After being positioned in multiple prisoner-of-war camps, on April 29, 1945, Ryan’s camp was liberated.

“There was a lot of euphoria displayed when the Nazi flag went down and the American flag went up,” he said. “The first thing we did when we were liberated was eat some angel food cake with white bread. When the troops showed up, a guy in a tank crashed against the gate of the camp. He was looking for his brother.”

Robert came back home to Alton after the war, finished his degree, had a successful marriage, and had children and grandchildren. At age 99, he is still practicing law in Alton and has an office in the Riverbender Building.

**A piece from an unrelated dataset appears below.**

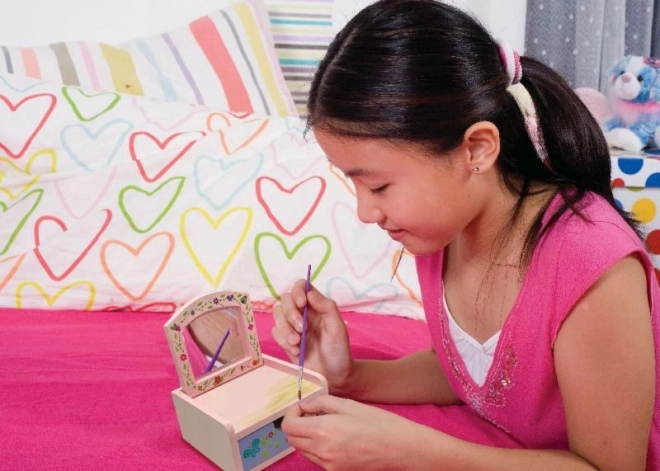 Entdecken Sie die Freude am Gestalten mit diesem wunderbaren Kosmetikschächtelchen. Dieses Set ermöglicht es Ihnen, Ihr eigenes Schächtelchen für kleine Schätze zu bemalen und zu dekorieren – ideal für kreative Kinder.
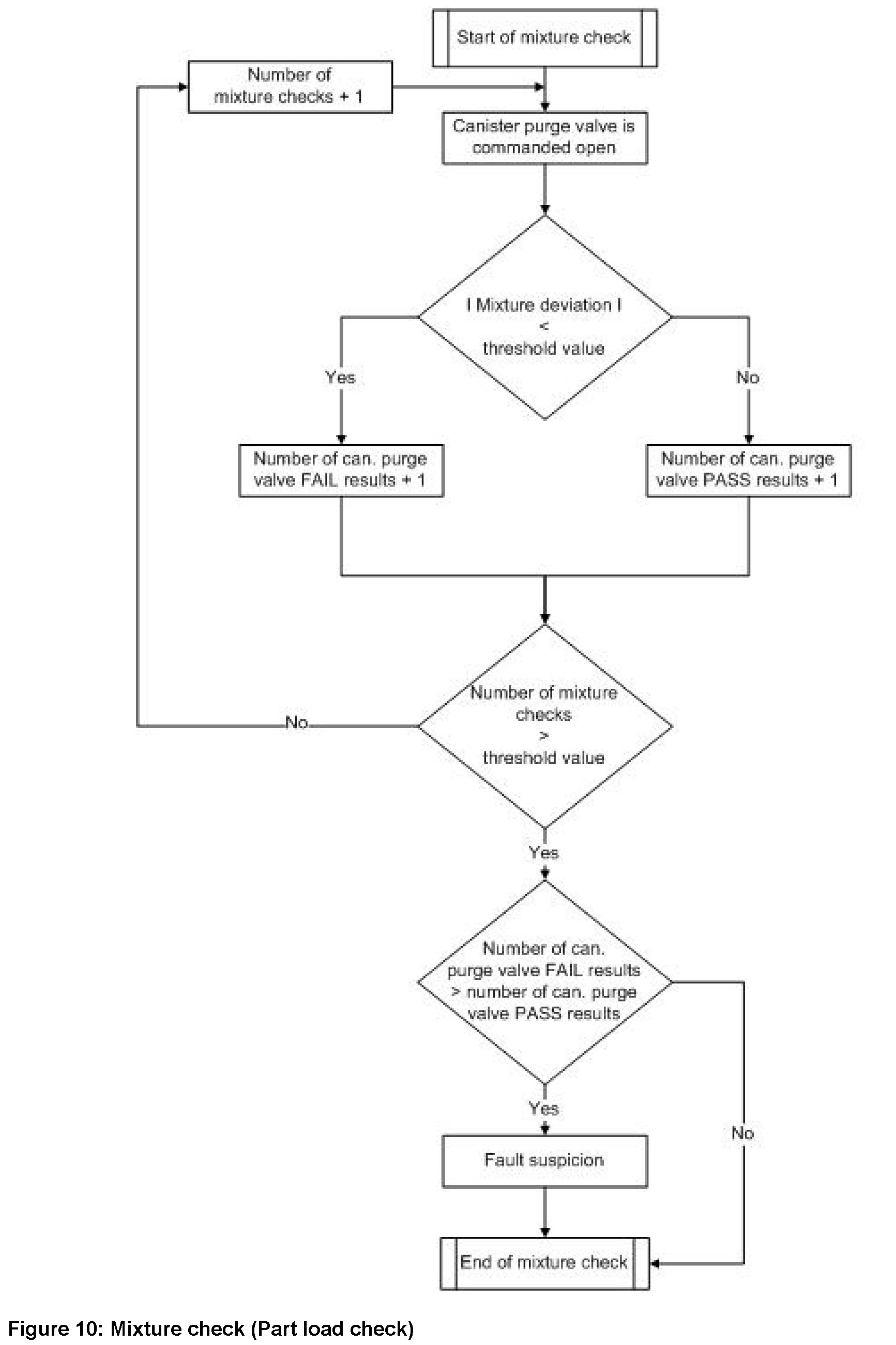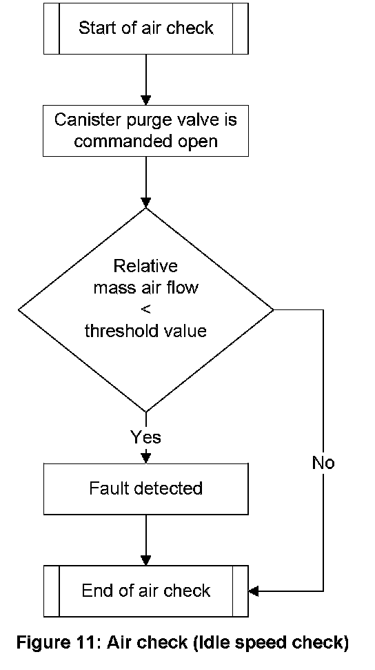 The part load check is the comparison between the mixture deviation that is present during the opening process of the canister purge valve and a threshold value. The idle speed check is the comparison between the ratio of expected mass air flow/actual mass air flow and a threshold value, performed while the purge valve is open.

He truly loves Alton and credits "the good Lord" for his 99 years of living and surviving the cruelty of POW camps in Nazi Germany. He also said he eats in small portions and that is because of his POW experience, which changed his life forever.

Ryan ended the interview with Our Daily Show with one of the most interesting stories ever told about how he was captured.

He said his group was not scheduled to fly on the day he was shot down because they had battled intense fire the day before.

“We got shot at a lot the day before, and we normally would not fly the next day - two days in a row,” he said. “But there were too many guys hung over from a party the night before, and one complained they had engine problems which, after they checked, there were no problems and another bombardier was sick.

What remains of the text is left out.